┌──

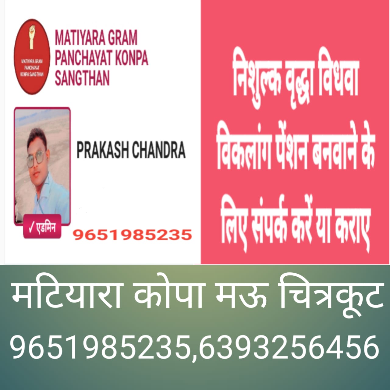 जनपद चित्रकूट मऊ क्षेत्र के अंतर्गत मटियारा का पुरवा के सी एस सी संचालक प्रकाश चंद्र मऊ तहसील गेट के सी एस सी केंद्र द्वारा लोगों को दी जा रही बेहतर आनलाइन सुविधा। योजनाओं का लाभ दिलाना एंव पात्रो को विभिन्न प्रकार के सरकारी योजनाओं के आवेदन करवाना और लाभ दिलाना प्राथमिकता है ।संचालक ने बताया की सी एस सी केंद्र द्वारा विभिन्न प्रकार के प्रमाणपत्र जैसे किसान सम्मान निधि ,विकलांग पेंशन, वृध्दा पेंशन ,विधवा पेंशन, आय प्रमाण पत्र, जाति प्रमाण पत्र, निवास प्रमाण पत्र, पैन कार्ड, शादी अनुदान, छात्रवृत्ति आदि प्रकार के आनलाइन सेवाये दी जा रही हैं। सी एस सी संचालक प्रकाश चंद्र के अनुसार सरकार की सभी सुविधाएं और योजनाओं को लोगो तक पहुचाना एंव.सी एस सी कें माध्यम से बेहतर आनलाइन सुविधा दिलाना है ।किसी प्रकार का आनलाइन आवेदन उचित मूल्य पर किये जाते हैं।
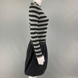 KOLOR Size S Black Grey Polyester Blend Stripe Long Sleeve Dress
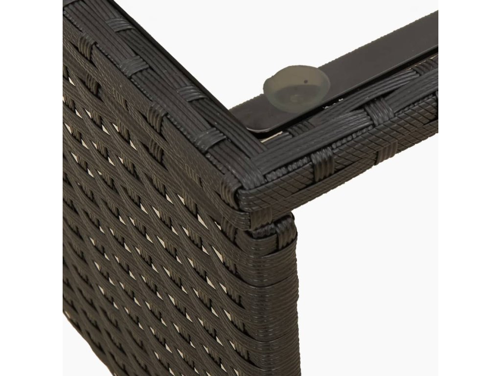 - Materiál: PE ratan, práškově lakovaná ocel, tvrzené sklo
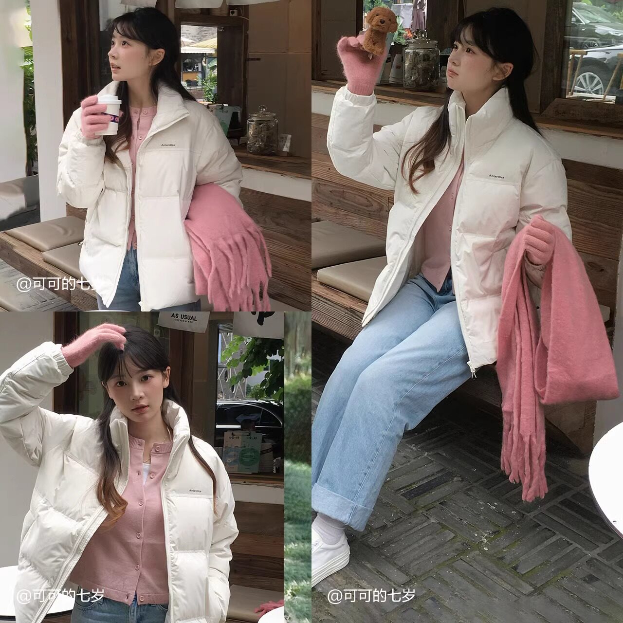 📚 商场同款森马羽绒服男装2024冬季新款面包服情侣宽松白色三防立领
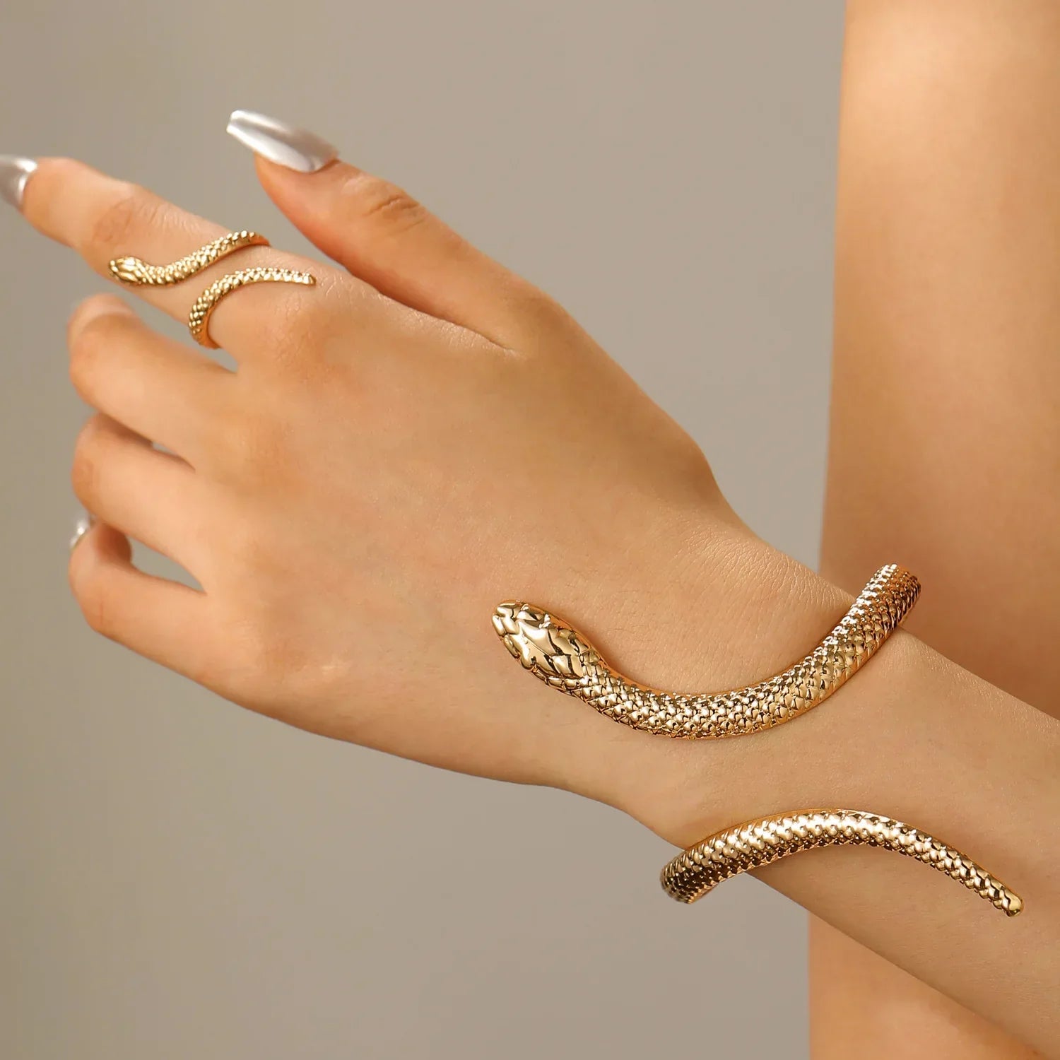 Smyckeset Selma (ormring & cuff-armband i silverfärg – punkstil)
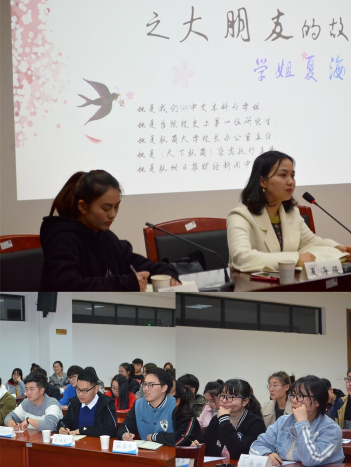 3月23日晚,杭州日报财经新闻中心副主任、杭商大学办公室主任、优秀校友夏海微应邀回母校做客“建工会客厅”,与建工学院各年级同学分享了自己的成长故事。学院党总支副书记郑晓莉及辅导员老师参加交流活动。
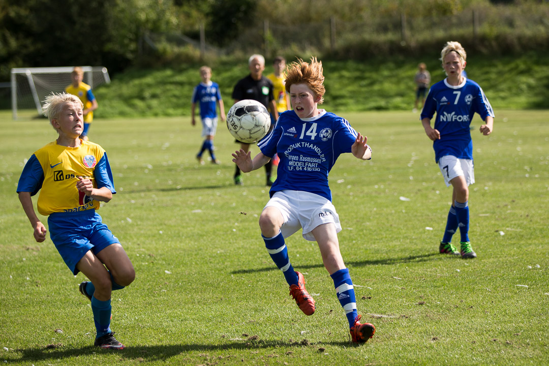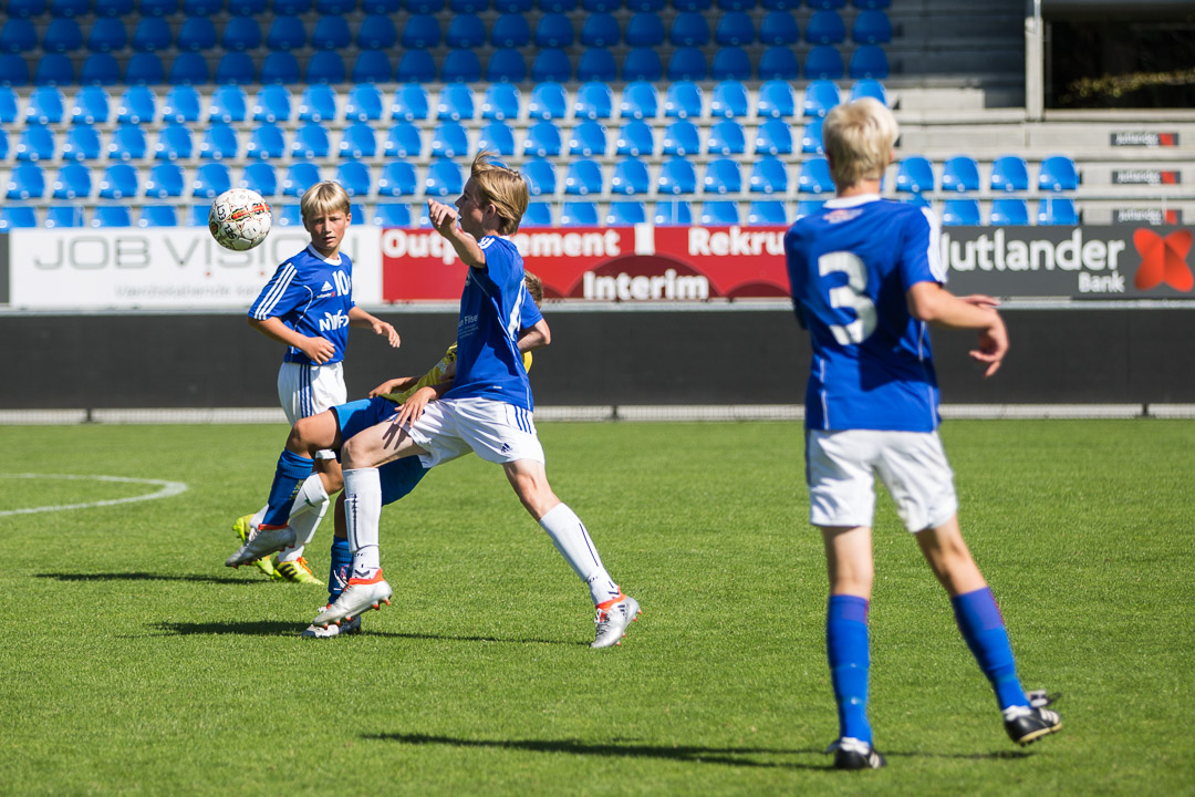 U 15 Vest 2 - her i aktion mod Hobro IK på DS Arena - får besøg af Skjold Sæby fredag 2/9 med kickoff kl. 18.00. Foto: Jes Eriksen/U 15-drenge

└──

▸ Task instructions: Skip the pictures. Please copy exactly the lines from the one with "- Materiál: PE" through the final line of the material above, both ends included.

▸ Answer:
 - Materiál: PE ratan, práškově lakovaná ocel, tvrzené sklo
 📚 商场同款森马羽绒服男装2024冬季新款面包服情侣宽松白色三防立领
 Smyckeset Selma (ormring & cuff-armband i silverfärg – punkstil)
 3月23日晚,杭州日报财经新闻中心副主任、杭商大学办公室主任、优秀校友夏海微应邀回母校做客“建工会客厅”,与建工学院各年级同学分享了自己的成长故事。学院党总支副书记郑晓莉及辅导员老师参加交流活动。
 U 15 Vest 2 - her i aktion mod Hobro IK på DS Arena - får besøg af Skjold Sæby fredag 2/9 med kickoff kl. 18.00. Foto: Jes Eriksen/U 15-drenge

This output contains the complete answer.